Myth: Spiders come into houses in the fall to get out of the cold.
This seemingly simple idea conceals many false assumptions. In reality, house spiders are usually not the same species
as the yard or garden spiders outside the house.
House spiders belong to a small number of species specially adapted for indoor conditions (constant climate, poor food supply, very poor water supply). Some house spider species have been living indoors at least since the days of the Roman Empire, and are seldom to be found outside, even in their native countries (usually Europe). Many of these species now live in houses worldwide, and most have been carried by commerce to more than one continent. Few are adapted to North American outdoor environments.
House spiders colonize new houses by egg sacs carried on furniture, building materials and so forth. They usually spend their entire life cycle in, on or under their native building. If a large number appear at a specific season, it is usually late summer (August and September) -- not a notably cold time of year! -- rather than fall, and their appearance coincides with the mating season of the given species. What you are seeing is sexually mature males wandering in search of mates.
The females and young remain hidden for the most part, in crawlspaces, storage areas and other neglected rooms; wall and floor voids; behind furniture and appliances, etc. Generally fewer than 5% of the spiders you see indoors have ever been outdoors.
In contrast, outdoor spider species are not adapted to indoor conditions. Any North American spider that needed artificial shelter for the winter, would have been extinct long before Europeans arrived! Spiders are "cold-blooded" and not attracted to warmth. They don't shiver or get uncomfortable when it's cold, they just become less active and eventually, dormant. Most temperate zone spiders have enough "antifreeze" in their bodies that they won't freeze at any temperature down to -5° C.; some can get colder. The few typical outdoor spiders that do end up indoors, die or at least don't reproduce.
Myth: "I'm very kind to spiders; when I find one in the house, I put it back outside instead of killing it."

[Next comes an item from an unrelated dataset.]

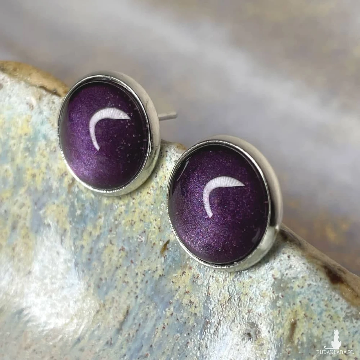 Te pełne blasku kolczyki są częścią kolekcji “W blasku perłowego księżyca”. Kolczyki wykonane są z ręcznie malowanych kaboszonów umieszczonych w bazach ze stali szlachetnej. Szklane elementy zachwycają subtelnym, opalizującym blaskiem, który jest niczym odbicie księżyca na tafli wody. Kolczyki mienią się w świetle, przyciągając wzrok i dodają elegancji każdej stylizacji. Ten dodatek jest idealny dla osób ceniących sobie wyrafinowaną i ponadczasową biżuterię.

You can't put something "back" outside that was never outside in the first place. Although some house spider species can survive outdoors, most don't do well there, and some (which are native to other climates) will perish rather quickly when removed from the protective indoor habitat. You're not doing them a favor.
In any case, house spiders are mostly harmless and beneficial. Human property rights mean nothing to other species. There was spider habitat for millions of years where your home is now. My advice is, "just wave as they go by."